# **Implementation of a scoring model**
## **Notebook 2/6 - Creation of features & Data assembly**

This notebook is organized as follows:

**0. Set up**
- 0.1 Loading libraries and useful functions
- 0.2 Loading and description of the dataset
    
**1. Creation of features & Data assembly**
- 1.1 APP_TRAIN data
- 1.2 BUREAU data
- 1.3 BUREAU_BALANCE data
- 1.4 PREVIOUS APPLICATION data
- 1.5 CASH Data
- 1.6 CREDIT CARD Data
- 1.7 PAYMENT Data

**2. Handling of anomalies**
        
**3. Data encoding**

**4. Data export**

___
### 0. SETUP

In this first step, the working framework is put in place, that is to say:
- The necessary Python libraries and packages are loaded
- Useful functions are defined
- The dataset is loaded
___

___
#### 0.1 LOADING LIBRARIES AND USEFUL FUNCTIONS

In [1]:
%load_ext autoreload
%autoreload 2

In [2]:
import math
import pandas as pd
import numpy as np

In [3]:
from sklearn.preprocessing import LabelEncoder
from sklearn.model_selection import train_test_split

In [4]:
from sys import path
path.append("./Resources/functions")

import helper_functions as hf
import graphical_functions as gf

___
#### 0.2 LOADING AND DESCRIPTION OF THE DATASET

In [5]:
app_train = pd.read_csv("./Resources/datasets/origin/application_train.csv")

bureau_balance = pd.read_csv("./Resources/datasets/origin/bureau_balance.csv")

bureau = pd.read_csv("./Resources/datasets/origin/bureau.csv")

credit = pd.read_csv("./Resources/datasets/origin/credit_card_balance.csv")

installments = pd.read_csv("./Resources/datasets/origin/installments_payments.csv")

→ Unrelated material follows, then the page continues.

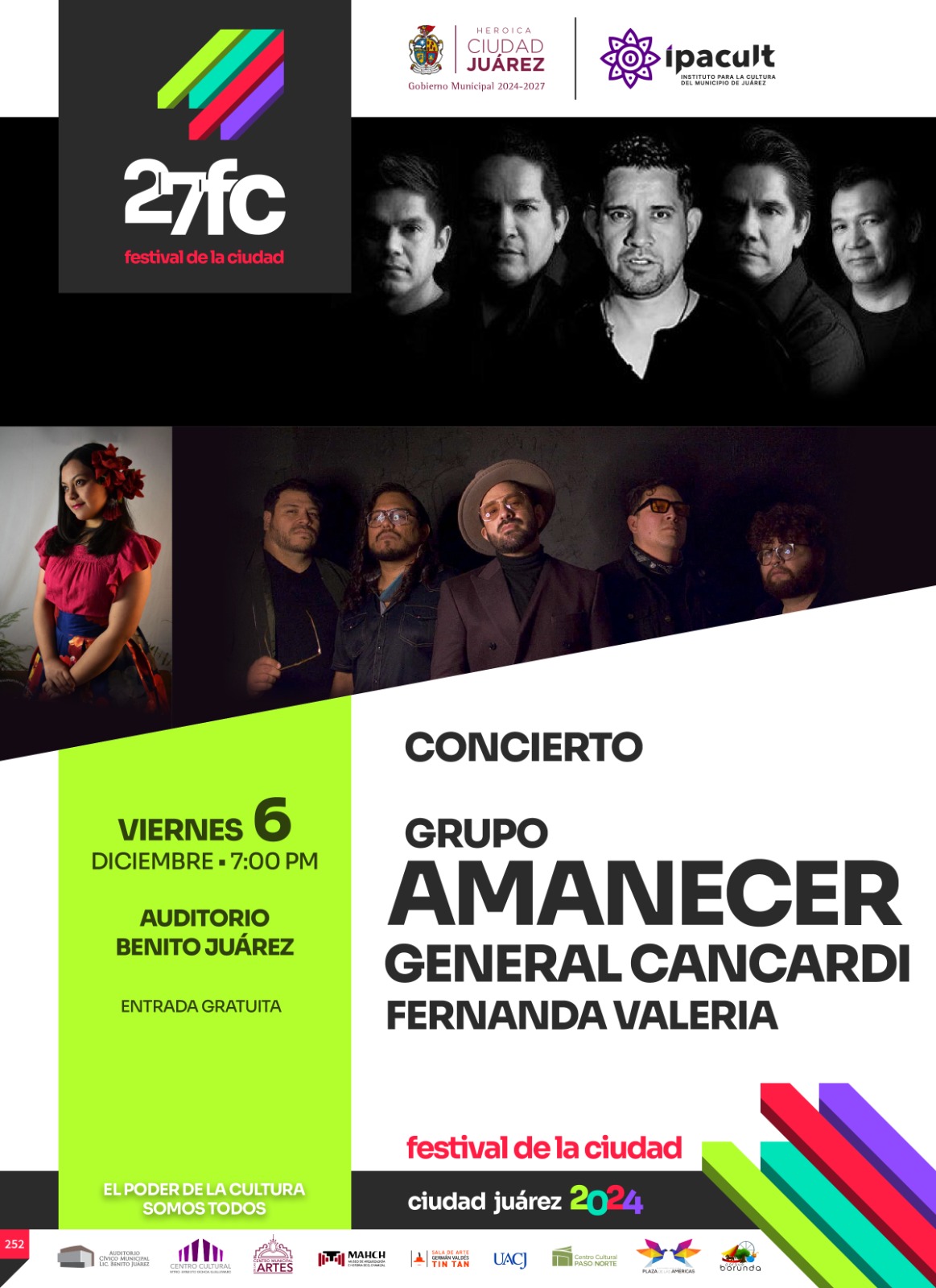 El Festival de la Ciudad, que se celebra del 30 de noviembre al 10 de diciembre en conmemoración del 365 aniversario de la fundación de Ciudad Juárez, incluye una variedad de eventos artísticos y culturales de acceso gratuito.

cash = pd.read_csv("./Resources/datasets/origin/POS_CASH_balance.csv")

prev_app = pd.read_csv("./Resources/datasets/origin/previous_application.csv")

___
### 1. CREATION OF FEATURES & ASSEMBLY OF DATA
___

___
#### 1.1 APP_TRAIN DATA

Creation of a business feature: 
- The ratio of initial contribution compared to the price of the property
- The annuity/income ratio 
- The job seniority/age ratio

In [6]:
# Self financed on goods price ratio (%)
app_train["SELF_FINANCED_PERCENT"] = (app_train["AMT_GOODS_PRICE"] - app_train["AMT_CREDIT"])/app_train["AMT_GOODS_PRICE"]*100
app_train["SELF_FINANCED_PERCENT"] = app_train["SELF_FINANCED_PERCENT"].map(lambda x: 0 if x<0 else x)

In [7]:
# ANNUITY ON INCOME ratio (%)
app_train["ANNUITY_ON_INCOME"] = app_train["AMT_ANNUITY"] / app_train["AMT_INCOME_TOTAL"] * 100

In [8]:
# Days employed on age ratio (%)
app_train['DAYS_EMPLOYED_PERCENT'] = app_train['DAYS_EMPLOYED'] / app_train['DAYS_BIRTH']

___
#### 1.2 BUREAU DATA

Creation of the following features:
- Number of previous bank loans

Creation of the following features per loan per customer:
- For each qualitative feature:
    - number
    - average
    - sum
- For each quantitative feature: 
    - number
    - average
    - maximum
    - minimum
    - sum

In [9]:
# Convert types for less memory usage
bureau = hf.convert_types(bureau, print_info=True)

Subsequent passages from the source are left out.